In a 2003 essay. Stephan writes about how, when he was 12, he purposefully consumed a large dose of his father’s Quaaludes. He did this not with the intention of dying, but to win the attention and care of his parents—and to get out of attending his father’s long church meetings.
“I didn’t want to die. I just wanted to be telling the truth when I told Mom that I didn’t feel well enough to attend the regular Wednesday night marathon meeting,” Jones writes of his first near-fatal overdose.
He goes on, “Once I got a taste of the attention I got after that first overdose, I had to try it again. I took a bunch of Quaaludes at least two more times, each time ‘confessing’ to having taken more than I actually did after my strategically placed and timed suicide note led Dad or Mom to my easy-to-find body.”
He eventually knocked it off, he says.
It should be noted, that even after Stephan’s brush with death, overdosing at such a young age, his father refused to hide his drugs from his son’s wandering eyes, according to Guinn, because he wanted his stash handy at all times.
Stephan says the Temple’s sole on-site doctor, Larry Schacht, also appeared to be using drugs. Indeed, Schacht was a former meth addict who had allegedly gone clean with the help of Jim Jones. In fact, Jones was Schacht’s benefactor, paying his way through medical school.
Schacht repaid the favor by becoming a Peoples Temple disciple, and the only physician at Jonestown. He was the one who ordered and administered the huge surplus of drugs that were found at the compound. He was also the one who decided to add cyanide to the poisonous mixture that he helped administer to the 900-plus Temple members who ultimately died during the massacre. He, too, died that day.
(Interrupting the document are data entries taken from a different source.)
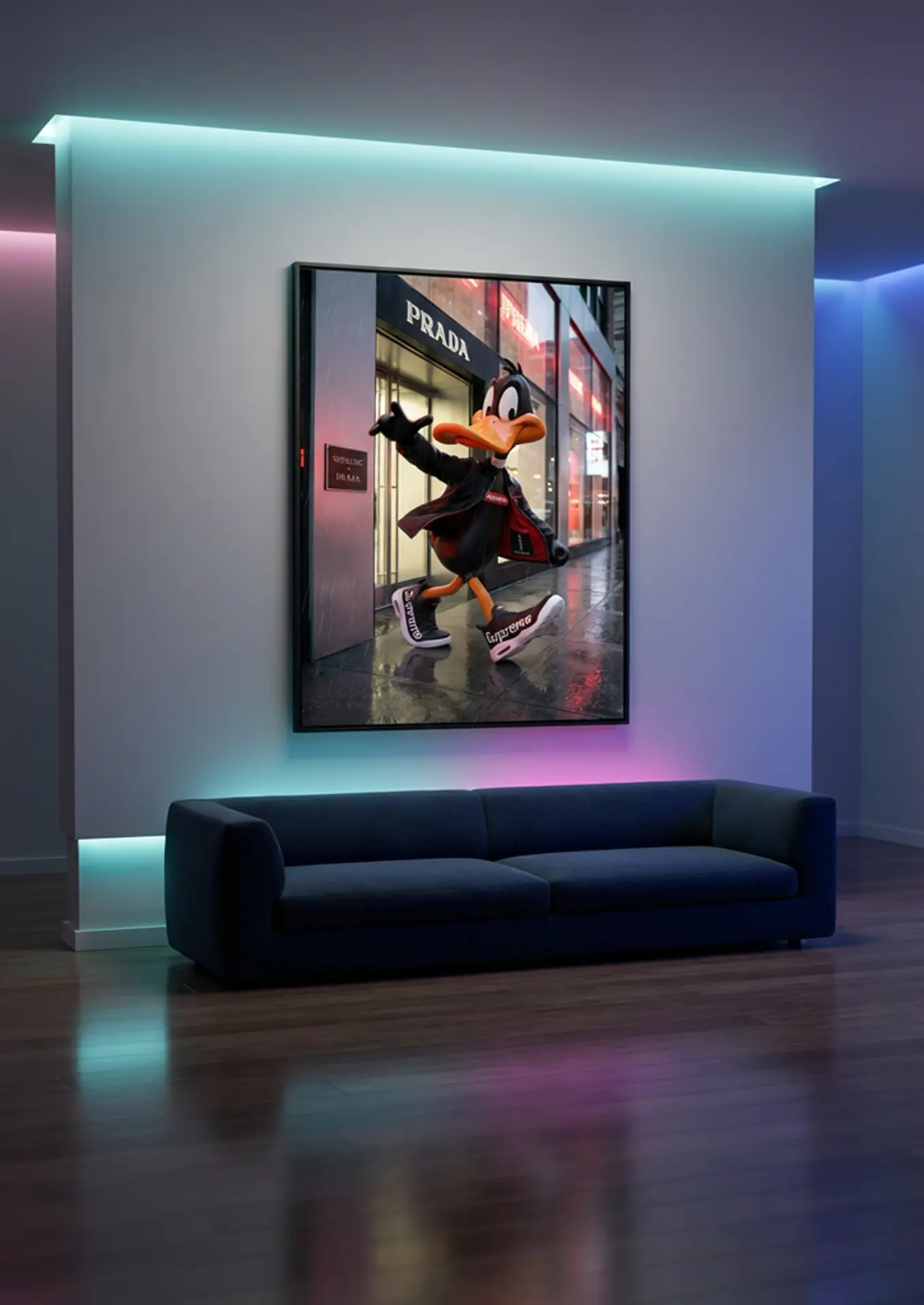 Daffy Duck × Supreme × Prada est une œuvre originale Graphic Avenue qui met en scène l’irrévérence légendaire du personnage dans un décor urbain luxueux, au cœur des codes du streetwear et de la haute mode. Avançant avec assurance devant une boutique Prada, Daffy Duck adopte une attitude conquérante, symbole d’indépendance, d’humour et de provocation assumée.
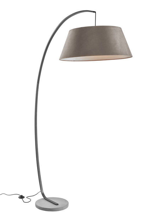 Modern golvlampa med böjd form. Fot av cement, ben i matt krom och skärm av sammet. Sladdlängd 2 m. On/off knapp på sladden. Material: Cement, metall och sammet. Storlek: Höjd 195 cm. Skärm 50 ø cm, skärmhöjd 35 cm. Sockel/lampa: 1 st E27, max 60 w glödlampa eller max 11 w lågenergilampa. Tips/råd: Ett rum ska ha 5-8 ljuskällor för att få ett jämt ljus i rummet.
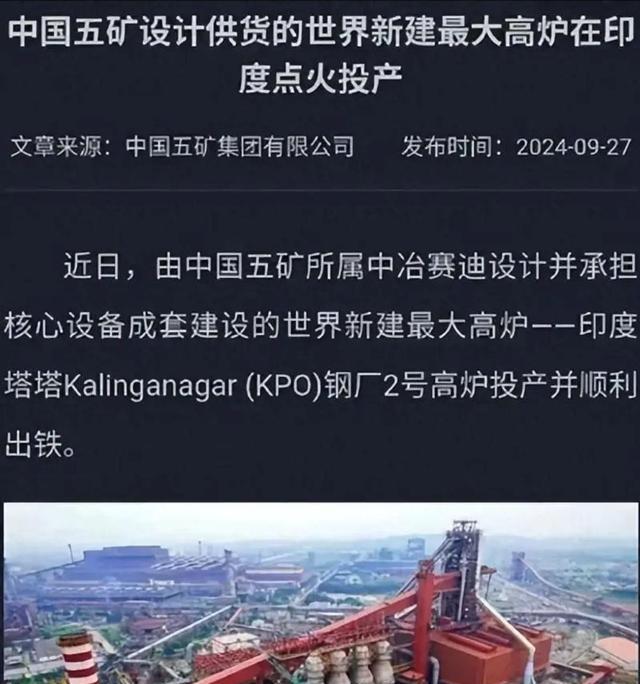 说句大实话,印度这波操作有点“端起碗吃饭,放下碗骂娘”的味道,2024年中国帮塔塔集团建了全球最大高炉,年产437.5万吨铁水,直接拉高印度500万吨粗钢产能,这不只是工程牛掰,更是中国技术实力的招牌。
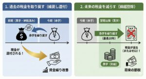 手元にまとまった現金(キャッシュ)が直接戻ってくるため、赤字による資金ショートを防ぐ強力なカンフル剤になります。
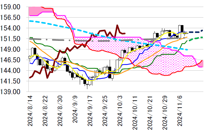 小陰線引け。一目均衡表・転換線153.01 円を下回る水準
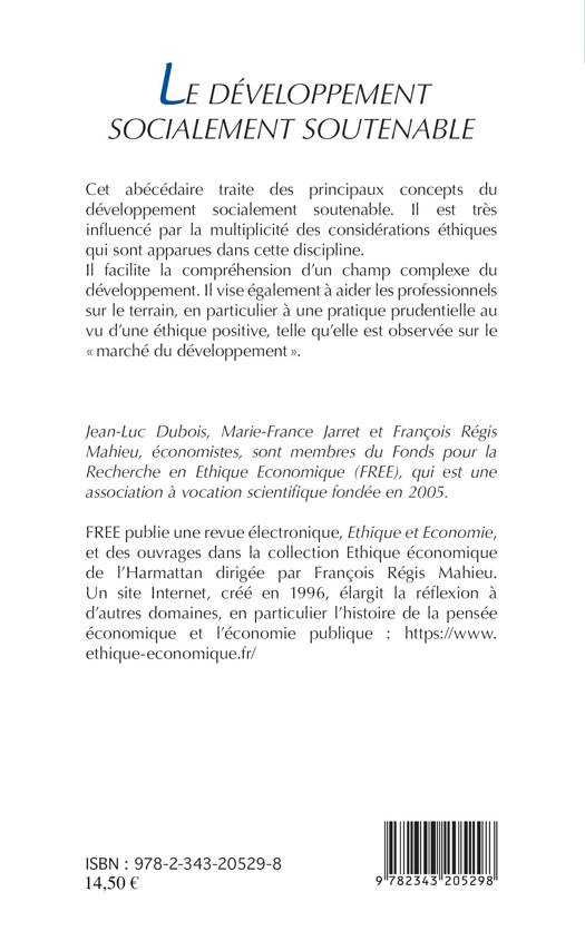 Cet abécédaire traite des principaux concepts du développement socialement soutenable. Il est très influencé par la multiplicité des considérations éthiques qui sont apparues dans cette discipline. Il facilite la compréhension d'un champ complexe du développement et vise également à aider les professionnels sur le terrain, en particulier à une pratique prudentielle au vu d'une éthique positive, telle qu'elle est observée sur le « marché du développement ».
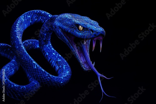 © BerkahStock, Fototapeta premium Striking blue viper with fangs, coiled, black background.
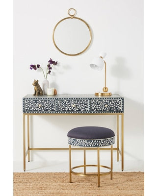• Dimensions: Vanity table: 42″W x 18″D x 31″H; Stool: 18″ Dia x 21″H
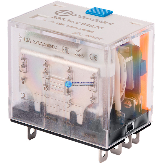 Миниатюрное силовое реле, перекидных контакта 10А ( DC) блокируемая кнопка проверки + светодиод, код RP534904805, производитель Релеон
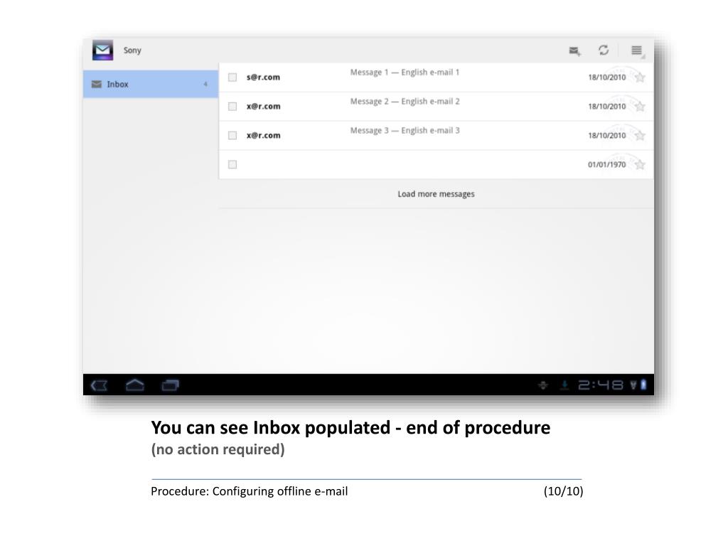 You can see Inbox populated - end of procedure(no action required) Procedure: Configuring offline e-mail (10/10)
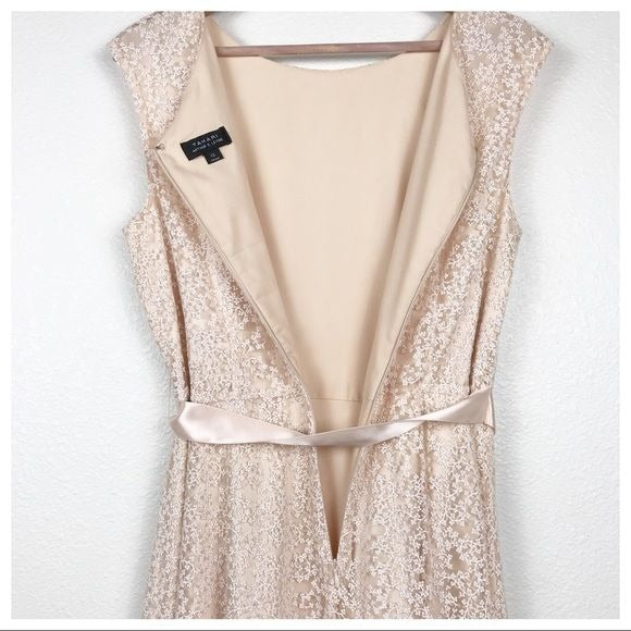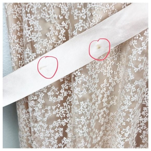 Light Pink with a floral and silver detail overlay-pink ribbon at waist
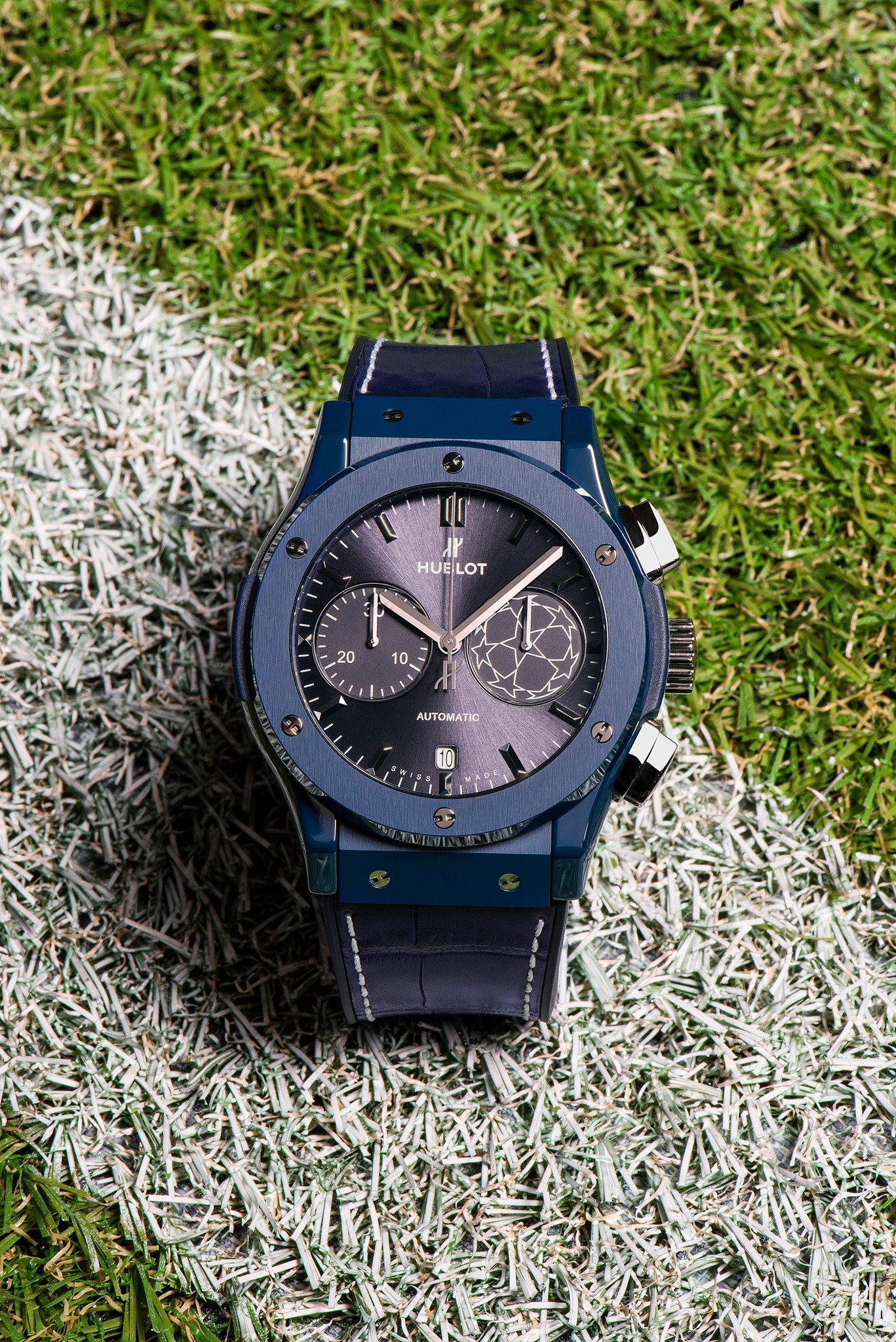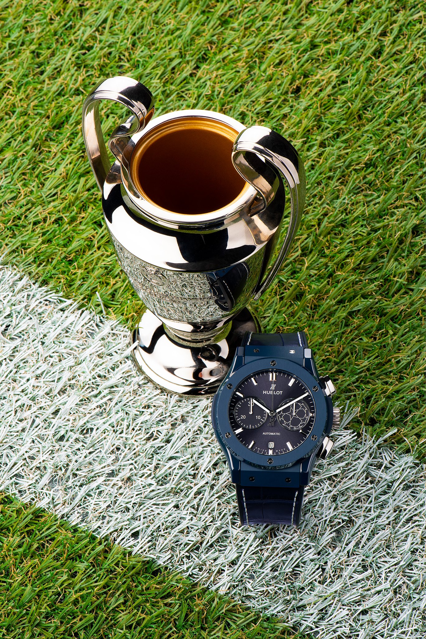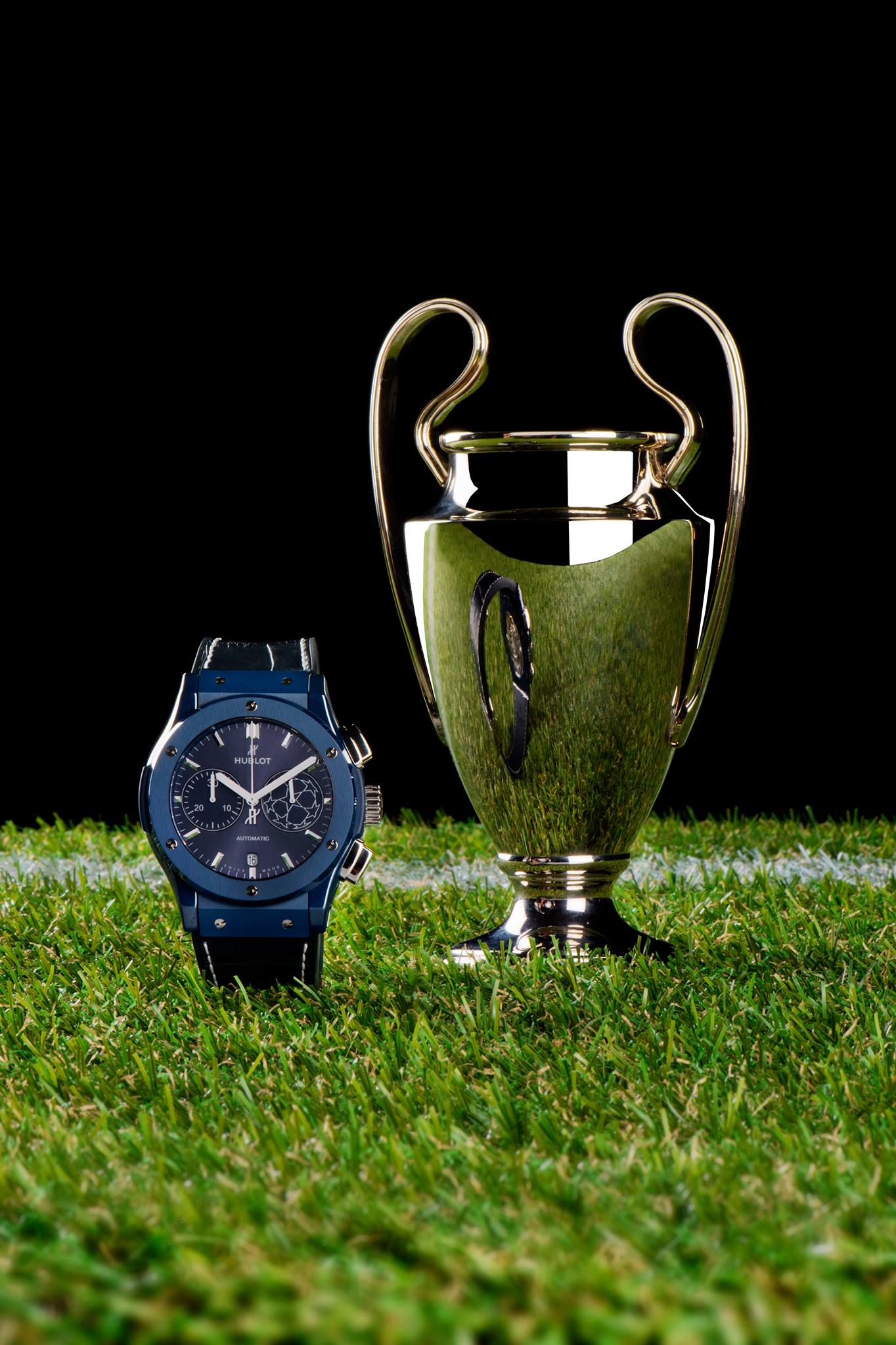 Desarrollado en caja de cerámica, esta pieza luce el color azul noche inspirado en la Champions, mientras que enseña pespuntes y vivos en color blanco, que replican las líneas de los estadios de fútbol. Esta pieza se suma a las 3 desarrolladas con anterioridad, pues desde hace 4 se liga a la justa como Cronometrador Oficial.
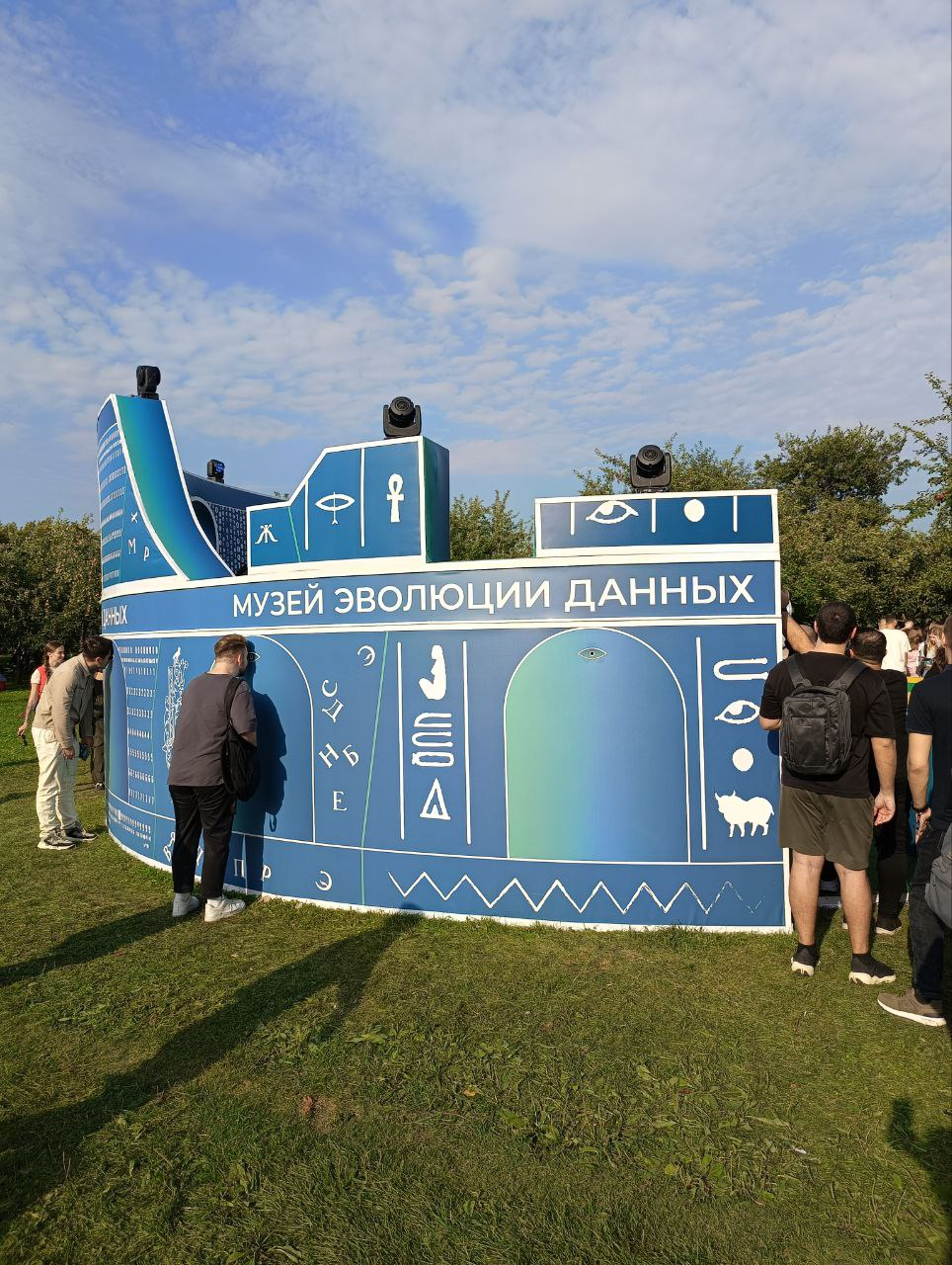 Колизей — один из античных памятников, и, затрагивая тему древности, мы придумали музей данных, где показали эволюцию представления и хранения информации. Заглянув в окошки по периметру стенда, посетители могли увидеть артефакты, связанные с хранением данных: от глиняных табличек до современных носителей.
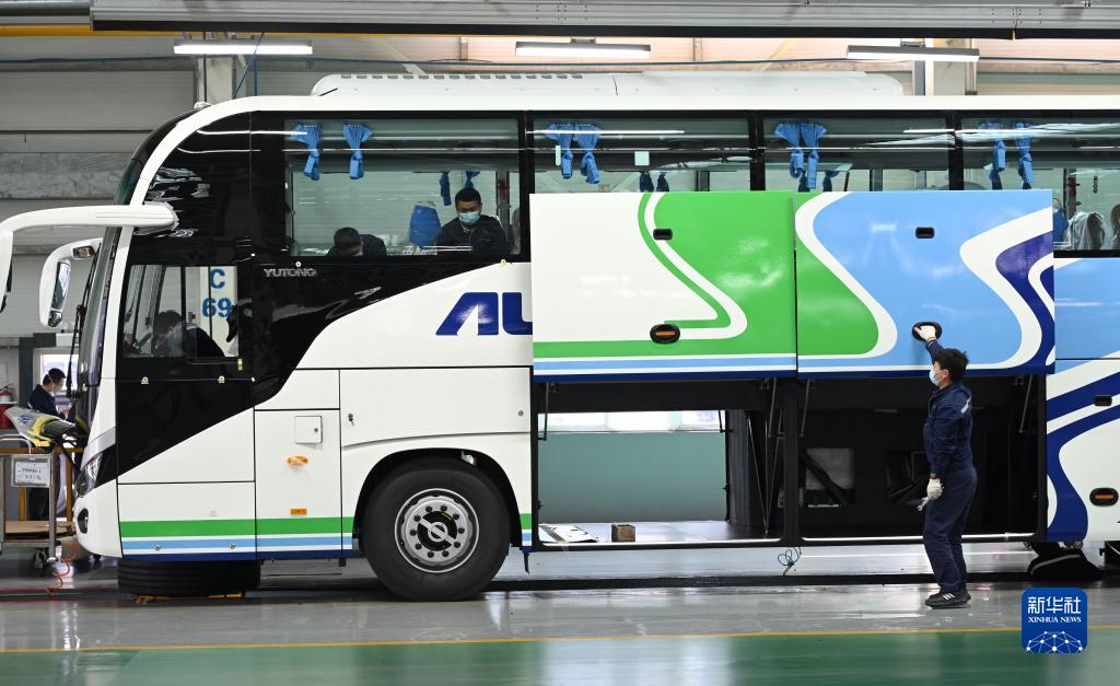 近日,在位于河南省鄭州市的宇通新能源廠(chǎng)區高端及海外承裝車(chē)間里,工作人員在流水線(xiàn)上忙碌地趕訂單生產(chǎn)。今年以來(lái),宇通客車(chē)海外出口持續走熱,相繼獲得多個(gè)海外訂單。據介紹,截至目前,宇通客車(chē)已遠銷(xiāo)30多個(gè)國家和地區。
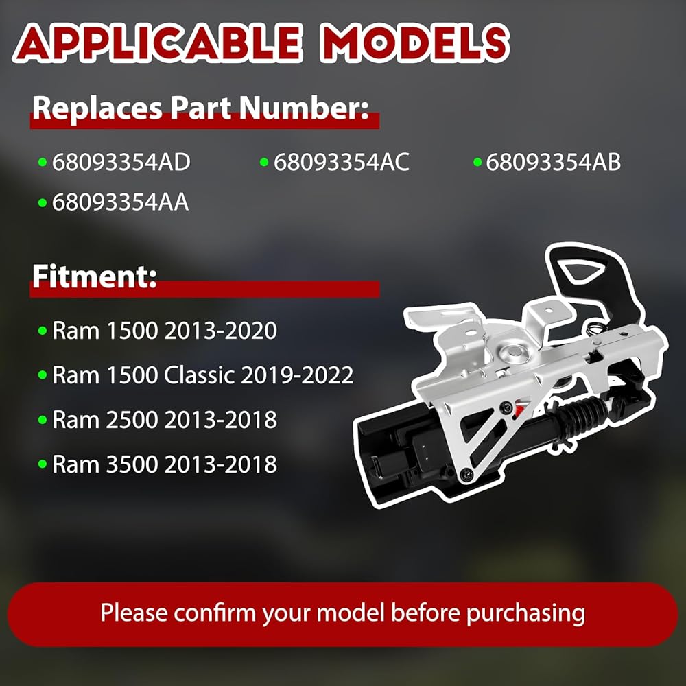 [Direct Fitment]: 68093354AD Tailgate Lock Latch Actuator Compatible with Ram 1500 2013-2020, Ram 1500 Classic 2019-2022, Ram 2500 2013-2018, Ram 3500 2013-2018. Please check the OE and model list carefully before order!

Stephan, whom The Washington Post described in a 1983 profile as a “quiet witness steeped in rage,” also remembered his father calling Temple members into frenzied, drug-fueled all-night meetings he dubbed “White Nights.” As the Post described it, “They were under siege, Jim Jones would cry; the snipers were after him; the Guyanese army was about to descend; the children would be taken away and probably tortured. They must be prepared to die in the defense of socialism.”
And eventually, they did die. Jim Jones died, too—but of a gunshot wound instead of cyanide poisoning. But, it’s not surprising that Jones’s autopsy found barbiturates in his system, specifically “levels of pentobarbital…within the toxic range, and in some cases of drug overdose have been sufficient to cause death.”